El Hadji Sy - 1950s to today
Research Room presented with the researcher and curator Ken Aicha Sy
May - July 2022
A prominent figure of West Africa during the independence era, El Hadji Sy (born in 1954 in Dakar) was presented in Dakar at Selebe Yoon after years of withdrawal from public appearance in his native home, even though he participated in the most important international artistic events in recent years such as Documenta Kassel (2017) or the Biennal of Sao Paulo (2015). After more than fifty years of career, a witness to a colonised society in-transition, an important voice in the development of a new modernity, the itinerary of El Hadji Sy is transnational, travelling and working across Western or African countries such as South Africa on the brink of apartheid. Yet his artistic life profoundly anchors itself in the city he chose not to ever leave, Dakar. As a painter, a cultural activist and the first black curator to collaborate with a western institution in the 1980s, his social commitment and collective initiatives always aimed at an artistic autonomy.
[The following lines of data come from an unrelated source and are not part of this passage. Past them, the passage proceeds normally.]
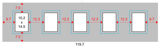 Position and dimensions of the upper casing apertures projected on the lower steel plate (apertures shown in white and theirs borders as black lines) along with position and dimensions of the 5 small sections to be structured on the lower steel plate (shown as dashed blue lines).
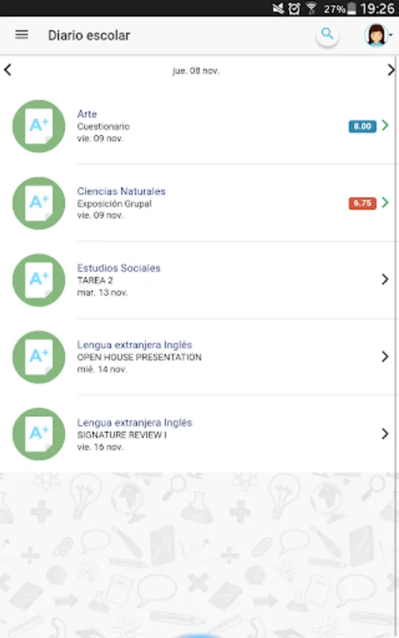 - Notifications of events, appointments, messages, homework, school diary, follow-up and activities.
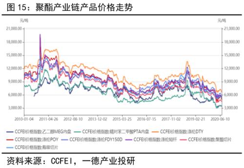 1. PTA/MEG大跌后低位运行 上半年商品包括PTA/MEG在内主要受疫情影响,春节后出现大幅跳空低开,但随即受对国内疫情管控到位以及对后期经济恢复的预期,PTA/MEG价格开始反弹。但进入3月份国外疫情相继爆发,对于外向型产品特别是聚酯产业链受打击最为严重,同时由于国际经济活动戛然而止导致原油需求下滑叠加沙特俄罗斯价格战导致原油断崖式下跌,化工成本支撑塌陷,PTA/MEG亦出现大幅下跌。随后随着对欧美复工预期的增强,同时部分化工品亦跌破成本导致供给收缩(PTA高加工费,但产业链利润屡创新低,估值相对低;EG跌破煤化工现金流),化工品企稳。随后原油出现联合减产开始反弹,对于化工品企稳反弹亦起到了助推作用。 2. 产能严重过剩制约PTA/MEG反弹幅度 从3月30日左右的商品大底到目前价格来看,原油涨幅最大为63.21%,其次是聚烯烃在30%左右,而聚酯板块PTA/MEG相对弱势在8.71%和10.73%。之所以聚酯板块PTA/MEG反弹较弱一方面受制于需求(疫情对于聚酯开工的影响主要集中在2-3月份,随后聚酯开工恢复尚可,对于PTA/MEG直接需求影响相对较小,但对于终端订单的影响影响较为严重,远比聚酯严重。主要由于终端虽然订单差,但有投机需求,这部分随后会有论述),更重要的是产能投放的压制。PTA方面年初1月份大装置恒力250万吨以及中泰120已经投产,在没有疫情影响需求的情况下本已过剩。MEG方面浙石化75万吨以及恒力90万吨在2月份开车,同时海外装置投产叠加疫情影响需求,把一些货源挤到中国导致MEG进口数量较高(美国、加拿大、伊朗、科威特)。导致PTA/MEG库存不断累积,PTA库存历史高位,MEG港口库存新高。最终抑制PTA/MEG反弹的高度。 二、疫情抑制需求,后期恢复道路坎坷 1. 聚酯产能/产量增长尚可 聚酯方面,今年产能投放依然不少,2019年新投产能在358万吨左右,产能增长率在6.5%,但今年聚酯开工同比偏高,产量增长率预计在9.18%左右。2020年预计投产的产能依然较多,初步统计有673万吨,上半年已经投产308万吨,预计下半年投产200-300万吨(考虑部分装置由于当前亏损推迟投产),产能增速9%左右,增速仍算是比较高的。 产量方面看,上半年聚酯产量累计2396万吨,累计同比-0.66%,主要是由于2-3月份疫情影响下聚酯产量大幅萎缩,但5月份开始聚酯产量已经逐步回归至正常水平。如果按照乐观的开工(即聚酯开工在90%以上,下半年聚酯新增250万吨产能),同时考虑下半年聚酯产能增长,预计全年聚酯产量在5223万吨左右,产量增速在4.37%,下半年产量增速在9%左右。 当然如果偏悲观一点(聚酯开工偏低,下半年聚酯新增产能150万吨且在四季度),下半年产量增速预计在4.9%左右,全年产量增速在2.25%。 2. 织造恢复之路坎坷 (1)终端投资收缩 从终端纺织业固定资产投资额来看,其与纺织业利润有一定的相关性,2017年下游纺织利润开始好转(有终端喷水织机等因为环保淘汰的因素),我们也看到下游固定资产投资开始反弹,2019年利润开始见顶回落(尽管江浙部分织机淘汰,但转移至内地的产能较多,且产能成倍放大。异地转移织造产能陆续投放),终端固定资产投资亦出现放缓,在没有疫情之前终端投资已经进入负值区域,疫情再次导致投资热情雪上加霜。 这从终端加弹机新增的数量亦可以得到印证,2016年新增加弹机依旧较少,但2017-2018年加弹机爆发式增长,不过进入2019-2020年,加弹机增速出现明显下滑。 (2)内需恢复尚可,但外需仍存变数 疫情导致国内消费跌至冰点,2-3月份服装纺织品类消费同比都在-30%以上的跌幅,进入4月份后随着国内疫情的缓解以及复产复工的逐步展开,国内消费开始逐步回暖,特别是5月份服装消费数据较好,同比-0.6%,接近恢复至去年的水平。 从外需的数据来看并不理想,尽管纺织+服装的数据看起来恢复不错,但拆分来看主要是纺织品出口销量暴增,源于国外对防疫物资进口的大幅需求。而服装出口累计同比数据截止5月份仍是继续走低至-22.8%。 作为外向型行业的纺织服装行业,出口需求占总需求的四成左右,因此外围需求对于整体需求的影响较大,而此次影响外围需求的主要因素就是疫情。站在当前的时间节点,国外疫情又有抬头的趋势,特别是美国、巴西、印度等新增病例再次走高,导致复工节奏受到影响,直接影响我国纺织的外单数量。同时叠加中美贸易关系的复杂性,下半年外单需求虽有向好的预期,但复苏之路充满坎坷。 上半年包括聚酯在内的多数化工品绝对价格出现了历史低点,特别是原油价格出现负值后,在绝对价格超低的吸引力下社会抄底意愿浓厚,终端产业甚至非产业人士均进场抄底(一方面今年资金成本低,央行放水;一方面原料单价低,同样的资金可以买更多的货),致使我们看到了前期聚酯较高的开工但是库存并不高。导致的结果就是下游原料+成品库存逐步走高。 但是这样会挤占下半年终端投机需求的空间,如果下半年真实需求不出现恢复,指望投机需求来支撑聚酯较高的开工会非常困难。 三、PTA供应压力公认的大 1. PTA产能增速过快是压制行情的主要症结 从投产周期看,PTA2019年产能增速7%,2020年预计22.3%。下游聚酯产能2019年增速6.54%,2020年乐观预计9.56%左右。总体看PTA产能增速大于下游聚酯产能增速。 具体来看,恒力4期250万吨以及中泰昆玉120万吨在年初相继投产,这部分产能对于产量的贡献是很大的。6月底恒力5#线250万吨装置也投产,截止7月中旬左右其两条线
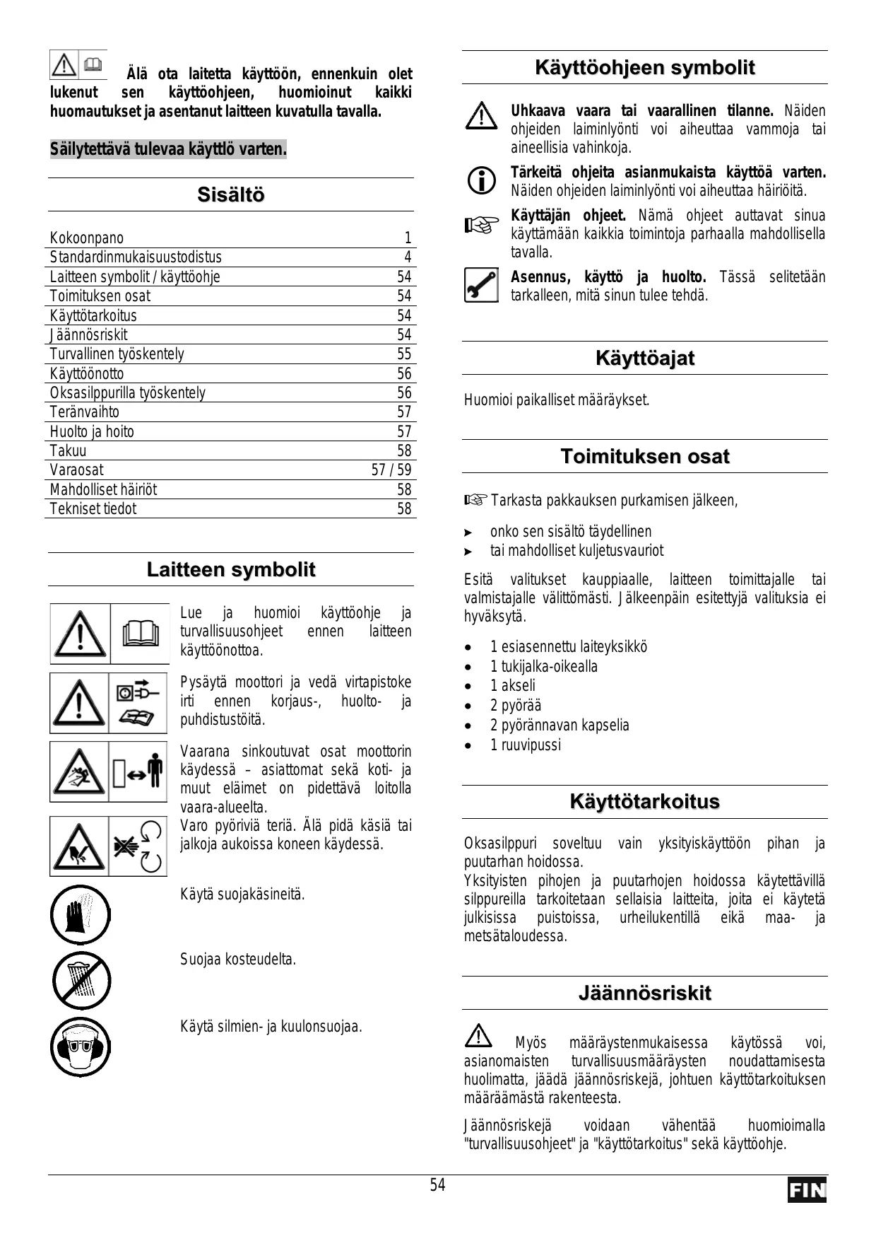 Vaarana sinkoutuvat osat moottorin käydessä - asiattomat sekä koti- ja muut eläimet on pidettäva loitolla vaara-alueelta.
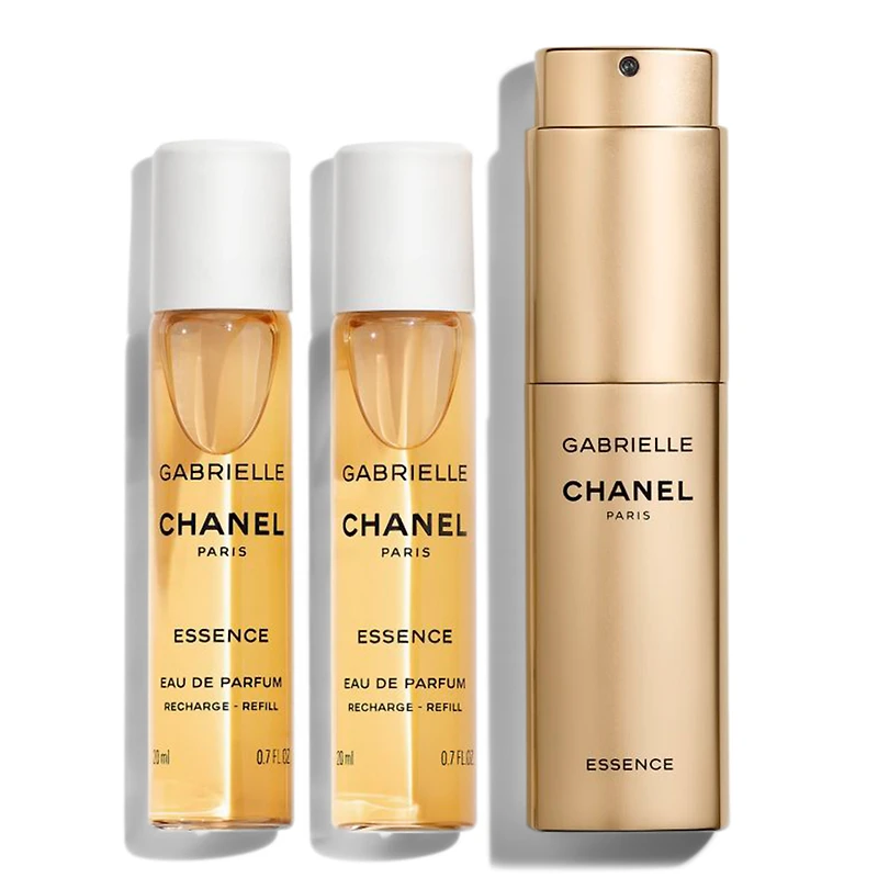 GABRIELLE CHANEL ESSENCE T AND S 6.408OZ. Composition: The scent is a solar, voluptuous interpretation crafted by CHANEL In-House Perfumer Creator Olivier Polge.. Like a fragrant nectar, the floral composition features 4 flowers: striking, intense jasmine; radiant, fruity ylang-ylang; fresh, sparkling orange blossom; and the most captivating of all, Grasse tuberose.. Creamy and highly feminine, this bloom is magnified and radiates throughout to create a warm, enveloping trail.. Key Notes: Jasmine. Ylang Ylang. Orange Blossom. Grasse Tuberose. Includes: GABRIELLE CHANEL ESSENCE Eau de Parfum Twist and Spray (3 x 0.7 oz).
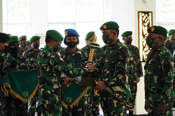 Jayapura, Skalainfo.net| Panglima Kodam XVII/Cenderawasih Mayjen TNI Ignatius Yogo Triyono, M.A memberikan Piagam Penghargaan Kasad dalam Lomba Pembinaan Teritorial (Binter) TA 2021 dan Kenaikan Pangkat Luar Biasa (KPLB) Operasi Militer Selain Perang (OMSP) kepada personel Kodam XVII/Cenderawasih yang berprestasi, bertempat di Aula Tonny A. Rompis, Makodam XVII/Cenderawasih, Kamis, (11/11/2021).
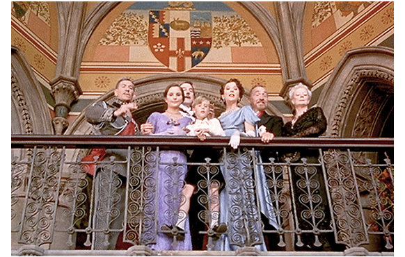 映画の冒頭、エドワード4世の軍が勝利を収めると、その後に、即位を祝うパーティのシーンが続く。そこでは、まず、ヨーク家の主要メンバーだけで記念写真を撮る(写真)。写真に映っているのは、左から、①グロスター公リチャード(エドワード4世の弟〔末弟〕、後のリチャード3世)、②エドワード4世の王女エリザベス(後の、ヘンリー7世の王妃、有名なヘンリー8世の母)、③エドワード4世、④ヨーク公リチャード(エドワード4世の次男)、⑤エドワード4世の妃エリザベス、⑥クラレンス公ジョージ(エドワード4世の弟)、⑦ヨーク公妃(エドワード4世、クラレンス公ジョージ、グロスター公リチャードの母)。
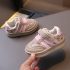 👟 Tonurile deschise de bază sunt completate de linii și șireturi decorative roz, în contrast atrăgător.
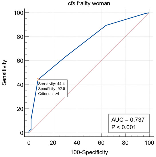 The ROC curves for frailty in the dislodgement in female subgroup.
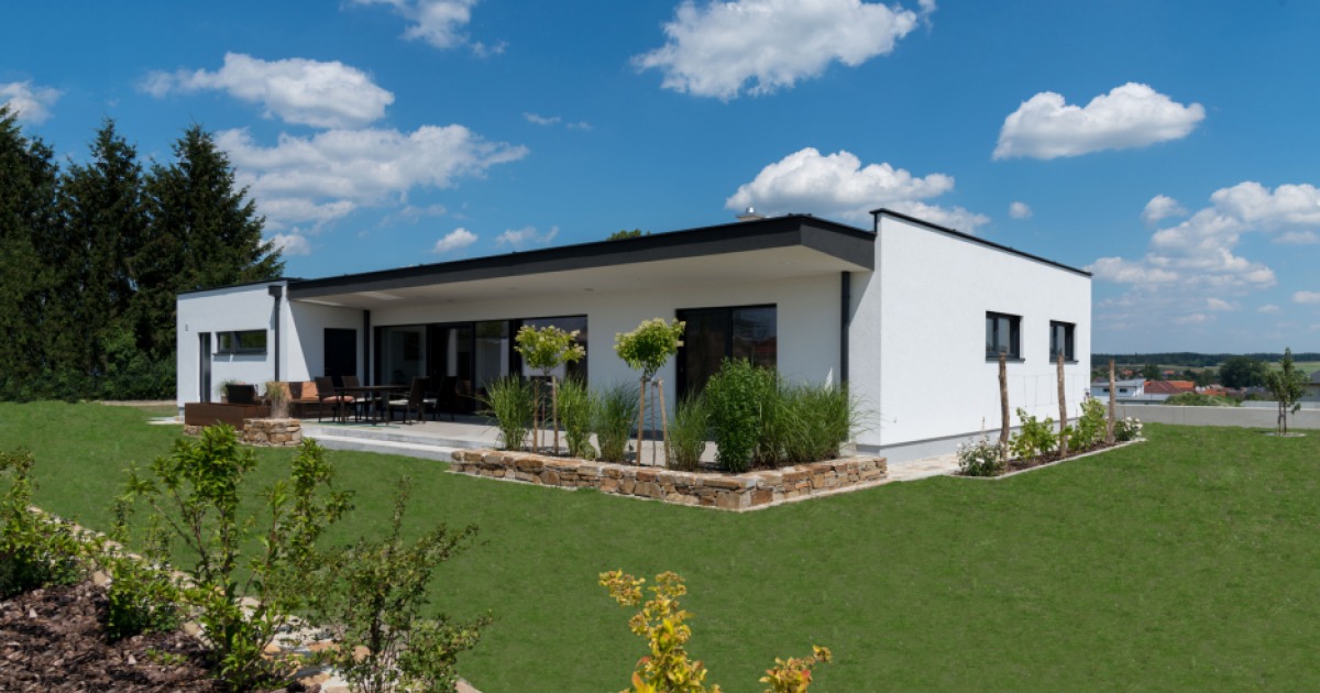 Der Bungalow besticht durch sein geradliniges, modernes Design. Eine fast durchgehende Fensterfront auf der einen Seite, kombiniert mit einem Flachdach sowie einem Vorsprung entlang der Terrasse sind die typischen Merkmale des Hausmodells. Der großzügige Wohn- und Essbereich mit integrierter Küche ist das Herz dieses Bungalows. Mit dem Schlafzimmer mit optional angrenzendem Schrankraum und zwei weiteren Zimmern, die auf Wunsch auch getauscht werden können, entsteht ein separater Ruhe- und Schlafbereich. Der zentrale Flur verbindet alle Räume dieses 132 m² großen Bungalows miteinander.
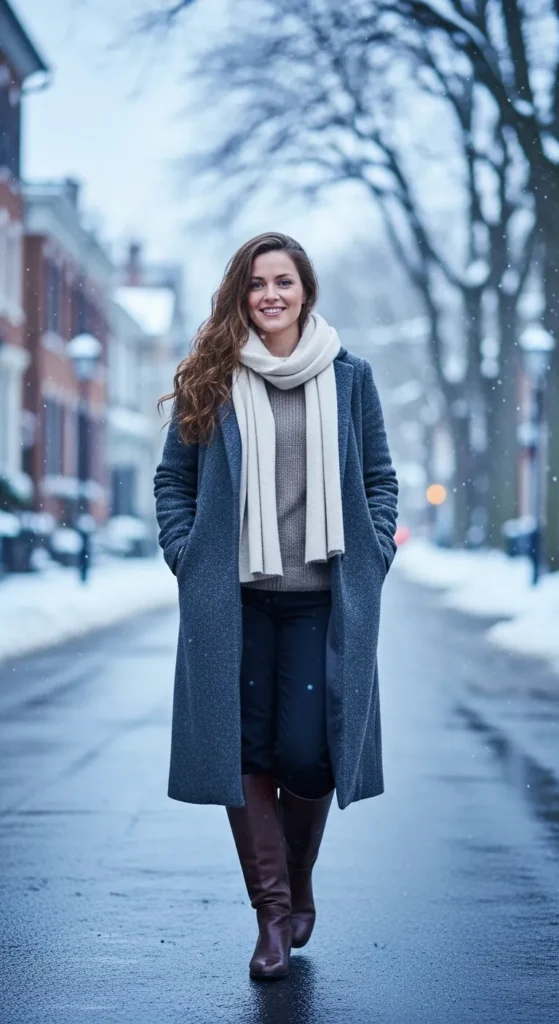 A long wool coat layered over a neutral sweater and straight pants creates warmth without bulk. The clean lines and muted tones make winter dressing feel calm rather than heavy.
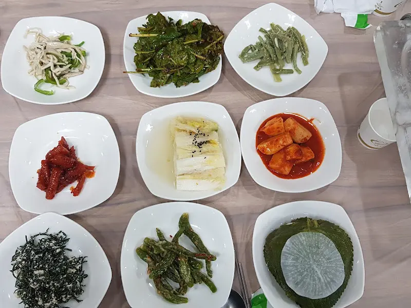 주문하고 얼마 지나지 않아 밑반찬이 쫙 깔리는데… 와, 진짜 입이 떡 벌어졌다. 반찬 종류가 어마어마하게 많았다. 하나하나 직접 만드신 시골 반찬이라고 하시는데, 진짜 외갓집 할머니 밥상 같은 푸근함이 느껴졌다.

To trace this trajectory, an archival room was conceived with Ken Aicha Sy with a visual and chronological timeline of the artist’s career, archives from the end of the 20th century on the artist and his various collective groups, namely the Laboratoire AGIT’ART, Tenq et Huit Facettes, historical and current interviews of the artist as well as his collaborators such as art historian and curator Clémentine Deliss, art historian Yvette Mutumba, the artist Kan-Si.
Historical catalogues and catalogues dating from the 1980s up to today were made available to the public throughout the exhibition.